OK, so we learned some big things from "the thumping": Voters
don't like corruption, or the mess in Iraq.
Here are some other things I learned in the '06 elections:
Americans aren't anti-immigrant; they are
pro-assimilation.
In Arizona, more than 70 percent of people voted for four
state ballot initiatives on immigration: English as the official
language, stripping illegal aliens of the right to bail, denying
illegal aliens state-subsidized benefits (adult education
programs and child care, among others), and denying punitive
damages in lawsuits. Yet according to exit polls, when asked how
they prefer to treat illegal immigrants, Arizonans picked "a path
to legal status" over "deport them" 57 percent to 38 percent.
But they hate it when people get away with breaking the rules.

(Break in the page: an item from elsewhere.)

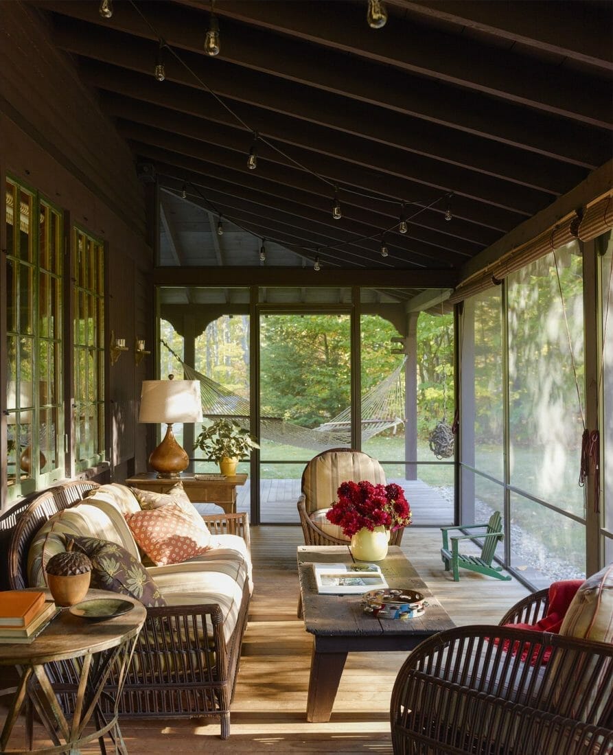 Even though the table lamp takes exterior illumination to another level, it is not the only lighting feature on this New Hampshire screened-in porch.

In the Weekly Standard, Frank Luntz reports: "Among the Americans
who swung from the GOP to the Democrats (Republican Rejecters),
'unethical and illegal behavior going unpunished' was number two
on the list (behind illegal immigration)." Let me rephrase what
Luntz is saying here: Among voters who switched from the GOP to
the Dems this election, illegal immigration was the No. 1
issue.
Evangelical is the new black.
African-Americans are the most reliable voting bloc for
Democrats. Despite Ted Haggard, Mark Foley, Dick Armey, John
Ashcroft, Ryan Sager, David Kuo, and all the other sophisticated
efforts to persuade evangelicals that the GOP is simply cynically
using them, evangelicals turned out. According to The New York
Times, "white evangelicals and born-again Christians made up
about 24 percent of those who voted, compared with 23 percent in
the 2004 election." Seventy percent of them voted GOP, compared
to 72 percent in 2004. Evangelicals alone may not be enough. But
without them, Republicans are nowhere.
You may beat a so-called gay marriage ban, as long as you
never use the word "marriage" ... or "gay."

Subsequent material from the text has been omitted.